The following lines contain the code for plotting the heatmap. One final observation regards the command .invert_yaxis(); since we plot the heatmap directly from a pandas DataFrame, the row index will be the “day n°”; hence it will start from 0 and increase as we go down along the rows. By adding .invert_yaxis() we reverse the y-axis, having day 0 at the bottom part of the heatmap.

#Plotting
fig = plt.figure()
ax = fig.subplots()
ax = sns.heatmap(data, annot = True, fmt="d", linewidths=0, cmap = 'viridis', xticklabels = True)
ax.invert_yaxis()
ax.set_xlabel('States')
ax.set_ylabel('Day n°')
plt.show() 

Figure 1 displays the heatmap obtained by this code snippet.

Figure 1: Heatmap representing the number of COVID-19 total cases for the first 30 days of measurement (y-axis) in the different USA countries (x-axis).
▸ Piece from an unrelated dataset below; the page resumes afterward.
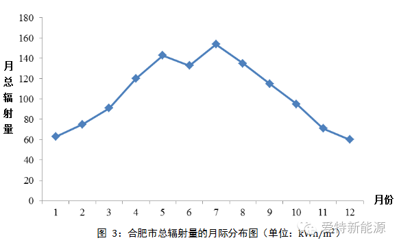 合肥市的年总辐射量为1253 kWh/m2,属于太阳能资源“丰富”地区;

As you can see in Figure 1, there are a lot of zeroes, this is because we decided to plot the data related to the first 30 days of measurement, in which the n° of recorded cases were very low. If we decided to plot the results from all the days of measurement (from day 0 to 286), we would obtain the result displayed in Figure 2 (in this latter case, we placed annot equal to False since the numbers would have been too large for the cell size):

Figure 2: Heatmap representing the number of COVID-19 total cases for the first 286 days of measurement (y-axis) in the different USA countries (x-axis); this time annot = False, since the cells are too small for accommodating the n° of total cases (which becomes very large towards the upper part of the heatmap).